Integer quantization as a preprocessing step (not a lossy final format) transforms float weights into a representation where entropy coding is effective. Aligned cross-layer quantization enforces a global coordinate system across layers, enabling structured compression.

Installation

pip install dmx-compress

Or from source:

git clone https://github.com/willjriley/dmx.git && cd dmx && pip install -e .

Requirements: Python 3.10+, PyTorch 2.0+. GPU (CUDA) is optional — automatically used when available for faster compression and decompression.

Quick Start

# Compress any safetensors model (auto-detects FP16 vs FP32)
dmx compress model.safetensors model.dmx --mode auto

# Practically lossless compression (FP32 models — error below FP32 noise floor)
dmx compress model.safetensors model.dmx --mode int32

# Decompress back to safetensors (auto-uses GPU if available)
dmx decompress model.dmx model.safetensors

# Verify roundtrip quality (with JSON report)
dmx verify model.safetensors model.dmx --report verify.json

# View compression info
dmx info model.dmx

Delta compression (checkpoint / model versioning)

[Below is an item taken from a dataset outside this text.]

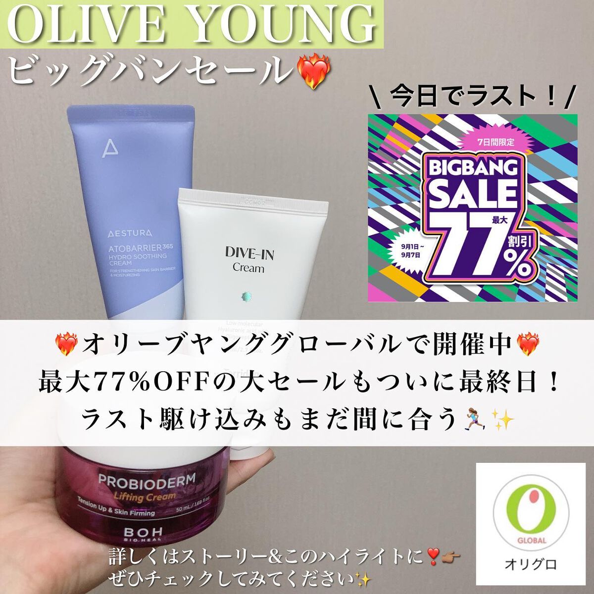 オリグロビッグバンセールもついに今日が最終日、、!🥹寂 人気アイテムが爆裂お得にゲットできるこのチャンスを逃す手はなしっ❤️🔥❤️🔥❤️🔥 @oliveyoung_global では9/1〜9/7まで最大77%OFFのビッグバンセール開催中❤️🔥❤️🔥❤️🔥 さらにイベント中の7日間限定で使える55〜60%OFFクーポンもあります!🫣 @tsuna_mom271プロフィールリンクからオリーブヤンググローバル新規登録で次回のお買い物に使える10%OFFクーポンがもらえます❤️🔥 ◎新規登録で5ポイント(5ドル相当)◎アプリDLで5ポイント(5ドル相当)の10ポイント(10ドル相当)も付与✨ 私のおすすめアイテムはストーリーに随時更新してます🤍 オリーブヤンググローバルの商品購入時のプロモーションコード欄に𓊆 TSUNA271 𓊇で5%OFFになります🕊𓂃 𓈒𓏸◌

# Delta-compress a checkpoint against a base (near-lossless, ~87% savings)
dmx delta-compress base.safetensors checkpoint.safetensors delta.dmxd

# Practically lossless delta (error below FP32 noise floor, ~87% savings)
dmx delta-compress base.safetensors checkpoint.safetensors delta.dmxd --precision int32

# Reconstruct checkpoint from base + delta
dmx delta-reconstruct base.safetensors delta.dmxd restored.safetensors

# View delta file info (sparsity, compression, per-component breakdown)
dmx delta-info delta.dmxd

Example: Compress and verify a model from HuggingFace

# Download a model
pip install huggingface_hub
huggingface-cli download Wan-AI/Wan2.1-I2V-14B-480P --local-dir ./wan_model

# Compress it
dmx compress ./wan_model/model.safetensors wan_compressed.dmx

# Decompress and verify
dmx verify ./wan_model/model.safetensors wan_compressed.dmx --report report.json

Decompression Speed

Model	Mode	CPU	GPU (--gpu)	Speedup
Wan 1.3B	BFP	185s	13.4s	13.8x
SVD-XT	BFP	281s	22.3s	12.5x
SVD-XT	int16	10.5s	--	CPU-bound

Benchmarked on RTX 4090 Laptop, Python 3.13. BFP CPU bottleneck is numpy bit manipulation; GPU path uses PyTorch CUDA ops. A native C/CUDA decoder would be 10-50x faster still.

Benchmarks

BFP Mode (FP16 models)

Model	Type	Original	DMX	Savings	Quality
Llama 3 8B	LLM	16 GB	~7.2 GB	55%	+0.16% PPL (wikitext-2)
Wan 2.2 shard	Video	7.2 GB	1.5 GB	79.5%	142/142 tensors pass
Wan 1.3B	Diffusion	2.7 GB	1.1 GB	60%	825/825 tensors pass
SVD-XT	Video	9.1 GB	1.8 GB	80%	Verified roundtrip

Note: SVD-XT 80% includes FP32->FP16 conversion. Wan 2.2 79.5% is on FP32 source with BFP.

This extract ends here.